The material below holds the lines to copy: from the one with "Ông Vũ Trọng" up to and including the one with "Sznurek czerwony o". Copy them exactly and skip the pictures.

▸ WORKING DATA:

_____

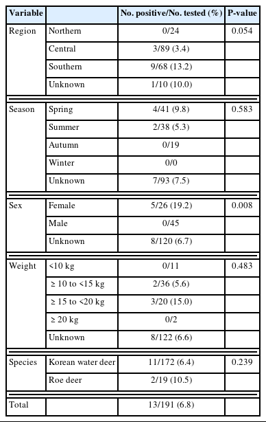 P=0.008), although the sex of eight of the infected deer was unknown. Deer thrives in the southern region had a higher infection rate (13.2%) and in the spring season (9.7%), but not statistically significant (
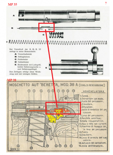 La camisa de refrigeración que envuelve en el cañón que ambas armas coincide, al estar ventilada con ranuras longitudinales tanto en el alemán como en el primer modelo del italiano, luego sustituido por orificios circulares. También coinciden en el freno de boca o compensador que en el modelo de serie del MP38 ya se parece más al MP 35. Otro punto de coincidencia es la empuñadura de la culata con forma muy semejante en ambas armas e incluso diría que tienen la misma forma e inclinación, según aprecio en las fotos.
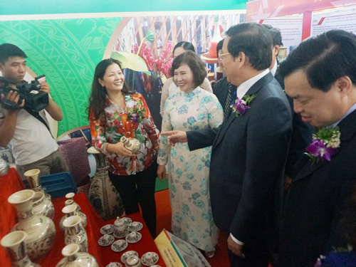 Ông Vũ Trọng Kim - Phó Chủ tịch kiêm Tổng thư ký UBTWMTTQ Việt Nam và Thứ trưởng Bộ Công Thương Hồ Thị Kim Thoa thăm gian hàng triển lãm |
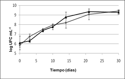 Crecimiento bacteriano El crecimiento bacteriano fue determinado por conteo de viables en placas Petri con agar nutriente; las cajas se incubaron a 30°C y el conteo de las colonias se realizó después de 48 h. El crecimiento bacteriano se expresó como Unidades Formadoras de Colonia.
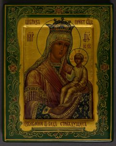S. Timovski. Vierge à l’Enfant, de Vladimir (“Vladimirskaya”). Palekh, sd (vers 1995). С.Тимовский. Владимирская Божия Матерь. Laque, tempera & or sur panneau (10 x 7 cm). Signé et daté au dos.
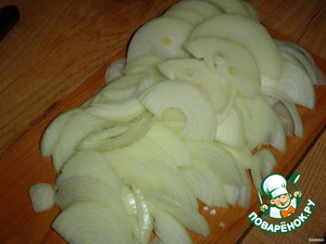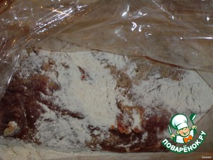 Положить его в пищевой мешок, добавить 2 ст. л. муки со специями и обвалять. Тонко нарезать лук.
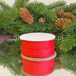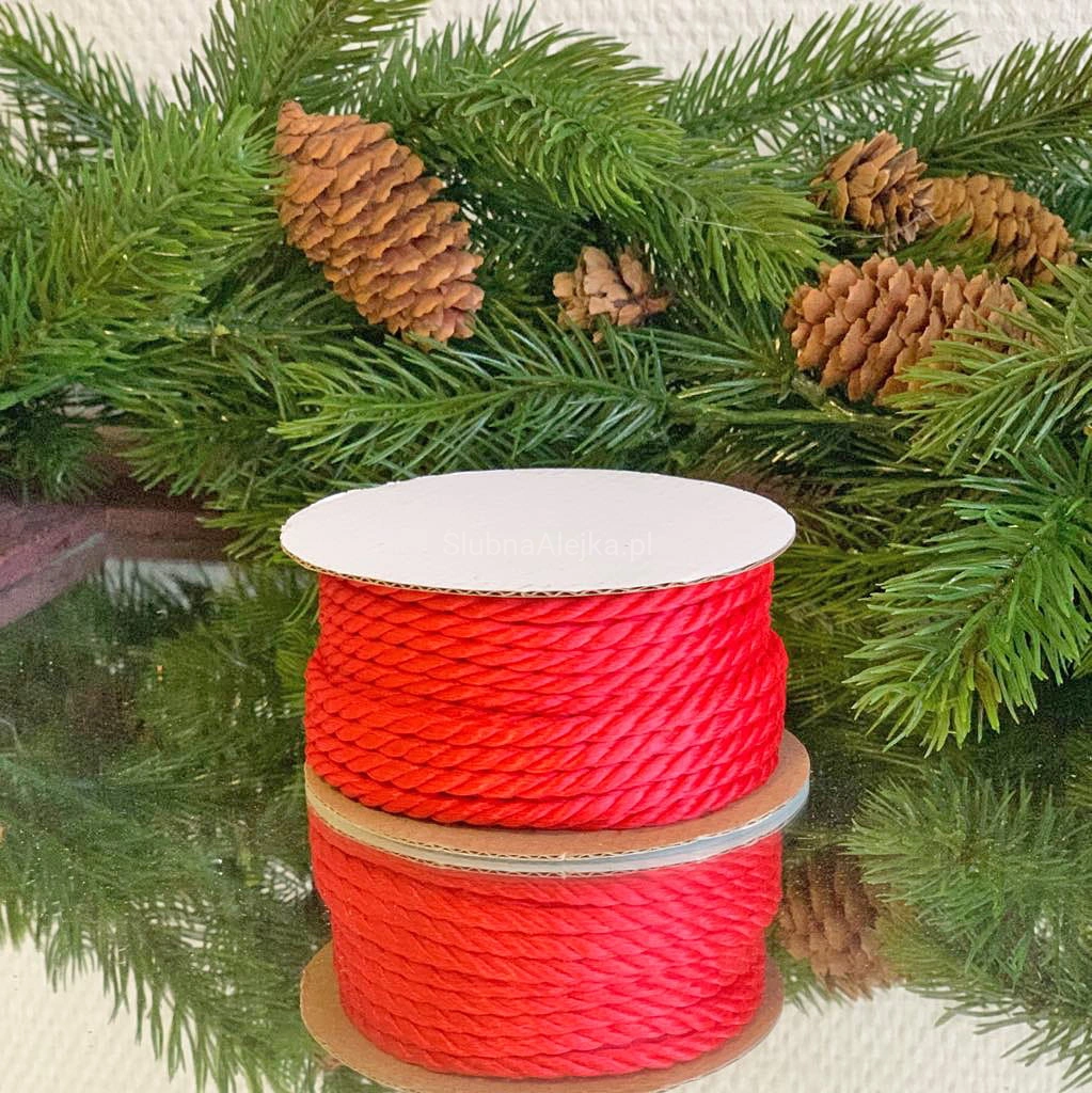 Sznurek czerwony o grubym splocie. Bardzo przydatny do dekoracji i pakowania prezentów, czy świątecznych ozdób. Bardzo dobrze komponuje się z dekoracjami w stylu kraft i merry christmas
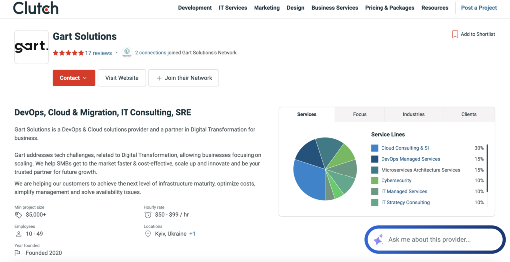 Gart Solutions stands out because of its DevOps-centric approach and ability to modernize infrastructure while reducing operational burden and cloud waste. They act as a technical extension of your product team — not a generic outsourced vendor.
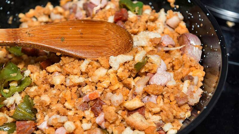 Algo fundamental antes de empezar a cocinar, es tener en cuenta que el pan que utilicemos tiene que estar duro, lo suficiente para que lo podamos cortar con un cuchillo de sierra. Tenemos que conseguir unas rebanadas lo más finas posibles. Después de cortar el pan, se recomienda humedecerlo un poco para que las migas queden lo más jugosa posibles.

_____

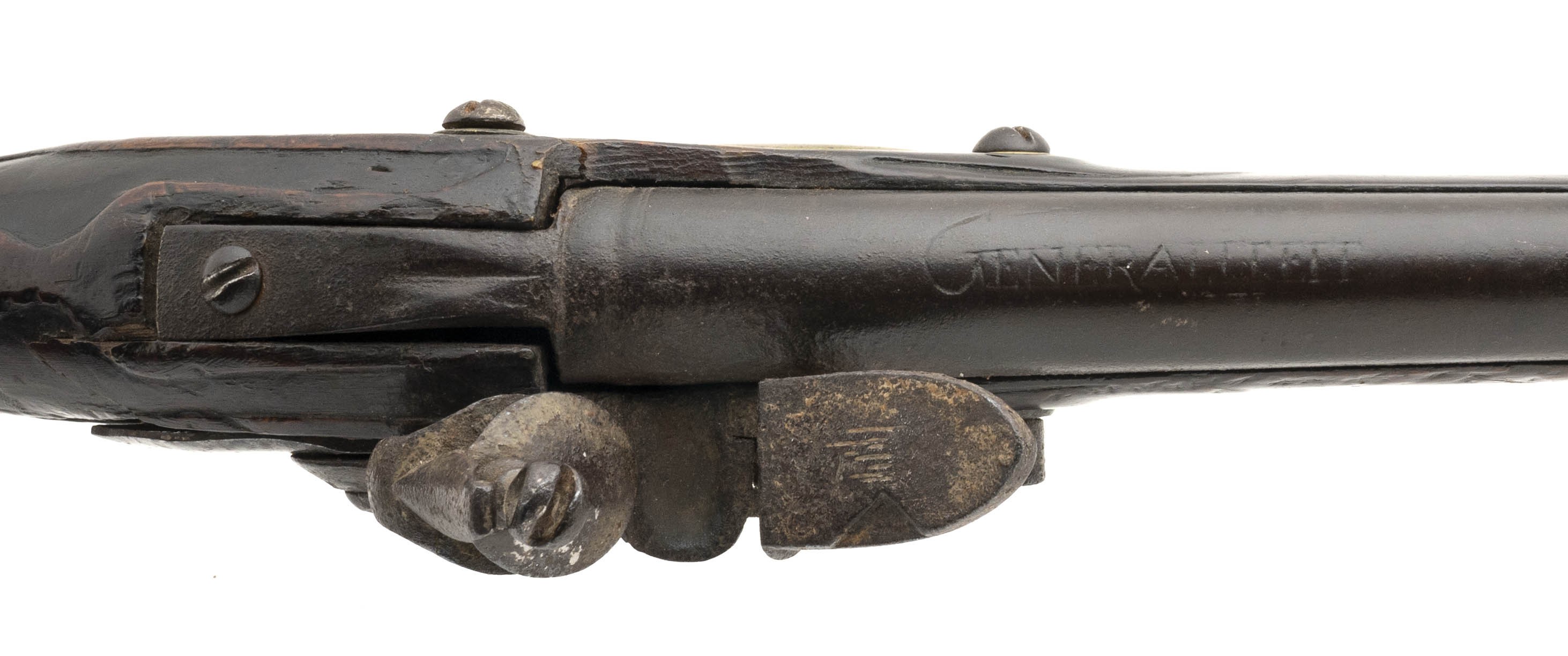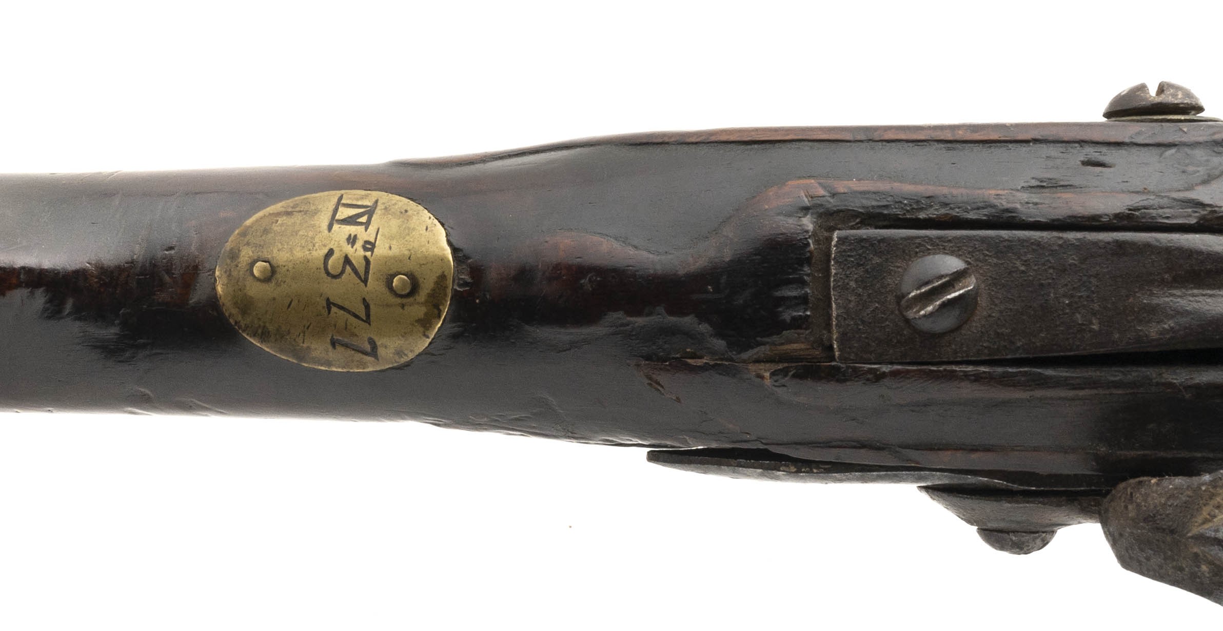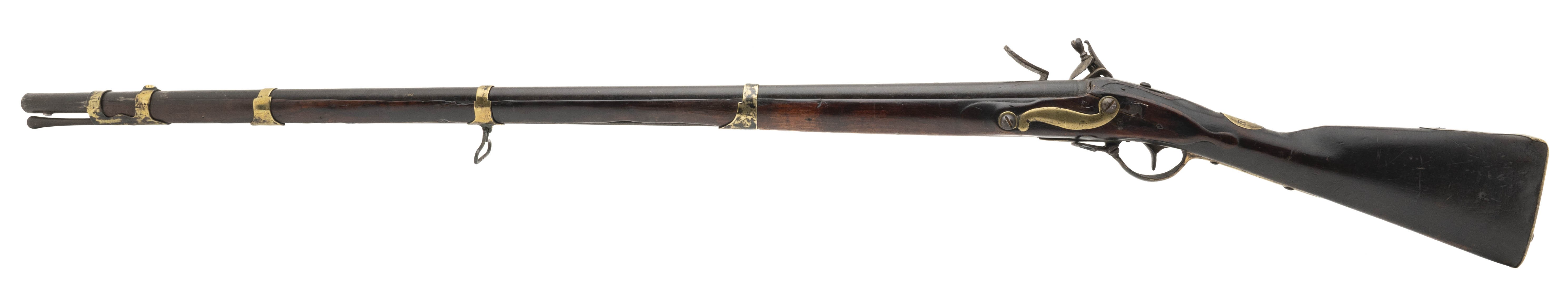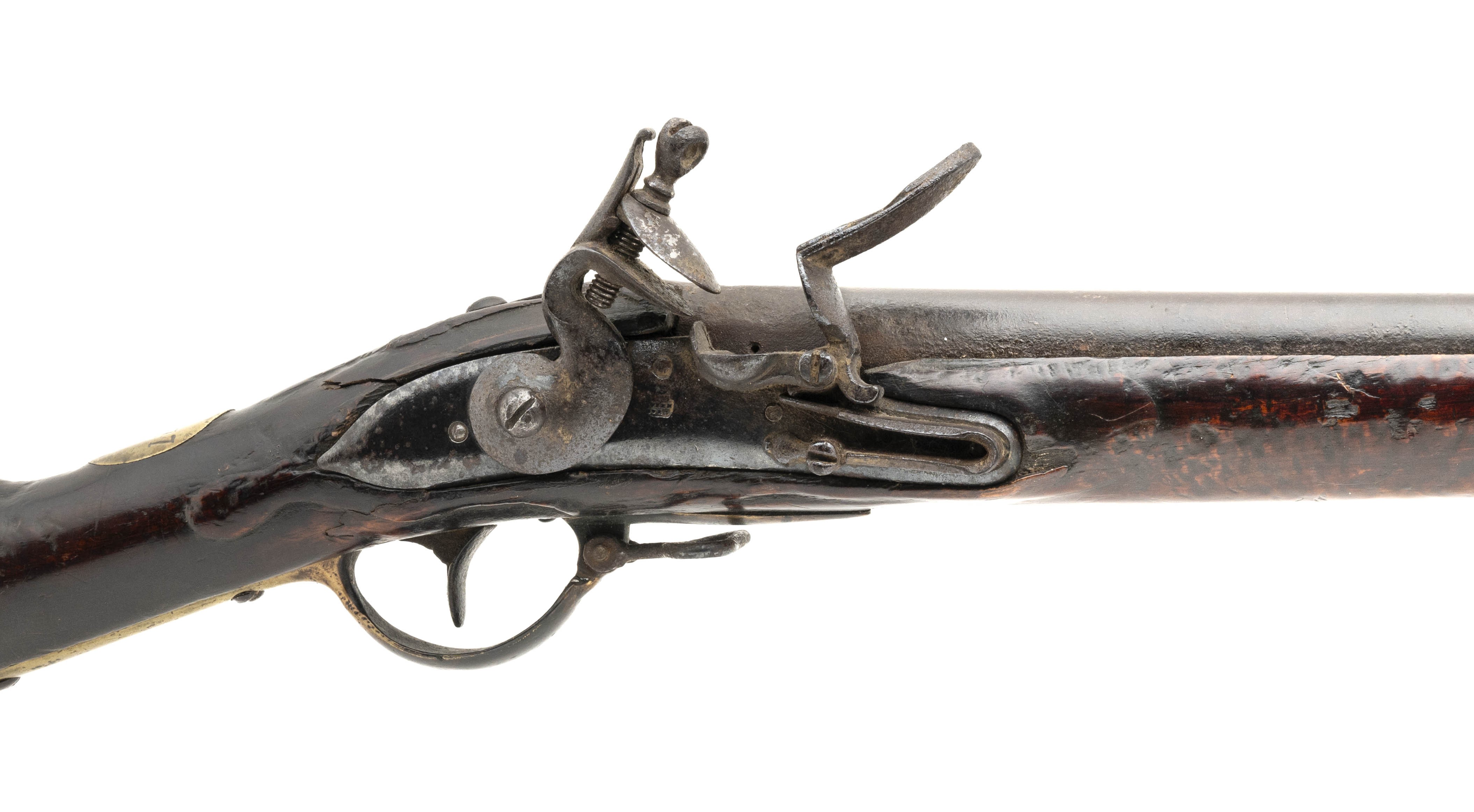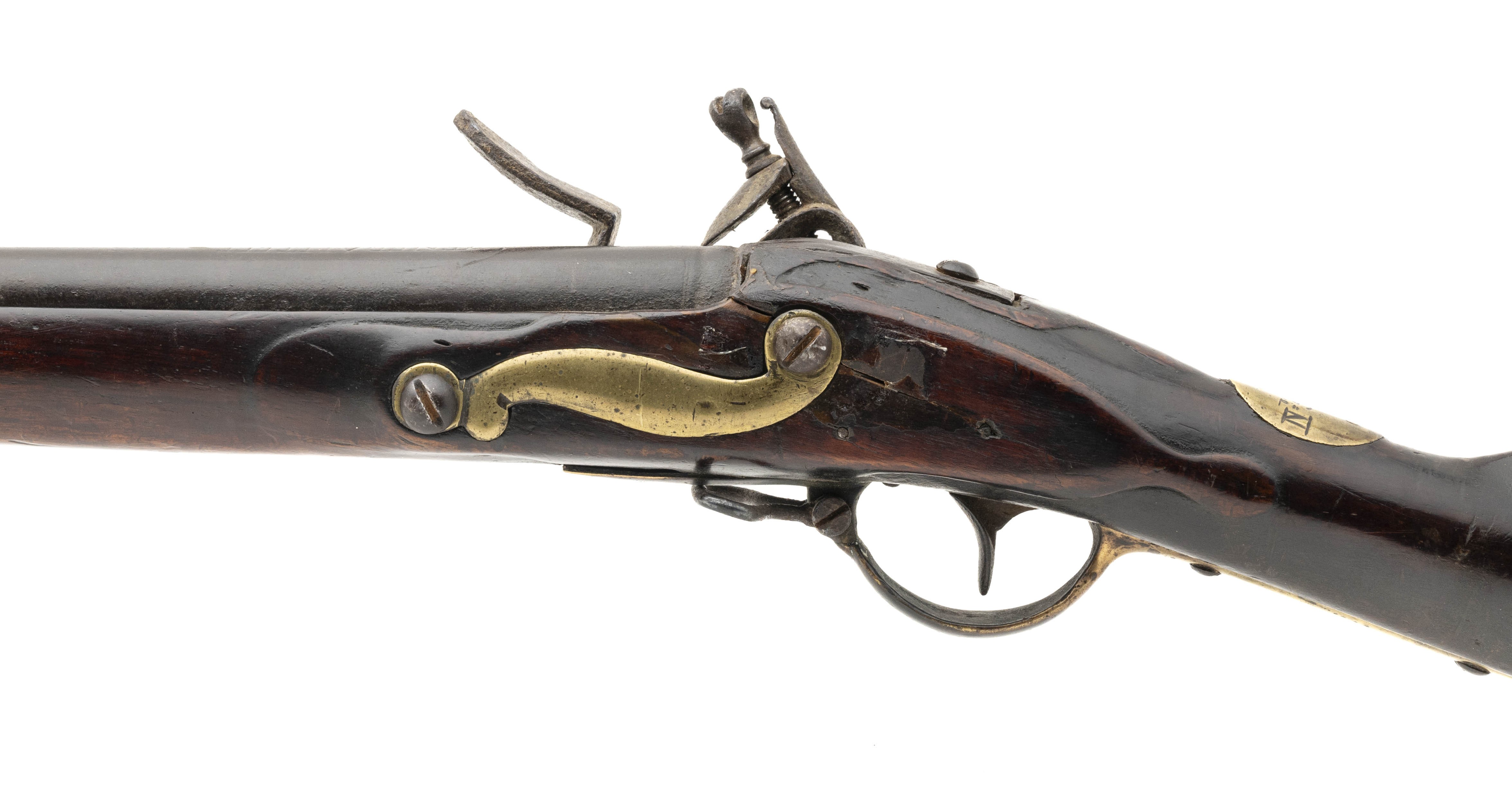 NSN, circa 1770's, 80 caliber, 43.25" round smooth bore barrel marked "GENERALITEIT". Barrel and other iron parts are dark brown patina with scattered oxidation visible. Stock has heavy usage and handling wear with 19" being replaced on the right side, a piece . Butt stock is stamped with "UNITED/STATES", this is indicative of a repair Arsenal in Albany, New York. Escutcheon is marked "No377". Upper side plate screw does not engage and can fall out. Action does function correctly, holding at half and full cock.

_____

▸ TASK ANSWER:
 Ông Vũ Trọng Kim - Phó Chủ tịch kiêm Tổng thư ký UBTWMTTQ Việt Nam và Thứ trưởng Bộ Công Thương Hồ Thị Kim Thoa thăm gian hàng triển lãm |
 Crecimiento bacteriano El crecimiento bacteriano fue determinado por conteo de viables en placas Petri con agar nutriente; las cajas se incubaron a 30°C y el conteo de las colonias se realizó después de 48 h. El crecimiento bacteriano se expresó como Unidades Formadoras de Colonia.
S. Timovski. Vierge à l’Enfant, de Vladimir (“Vladimirskaya”). Palekh, sd (vers 1995). С.Тимовский. Владимирская Божия Матерь. Laque, tempera & or sur panneau (10 x 7 cm). Signé et daté au dos.
 Положить его в пищевой мешок, добавить 2 ст. л. муки со специями и обвалять. Тонко нарезать лук.
 Sznurek czerwony o grubym splocie. Bardzo przydatny do dekoracji i pakowania prezentów, czy świątecznych ozdób. Bardzo dobrze komponuje się z dekoracjami w stylu kraft i merry christmas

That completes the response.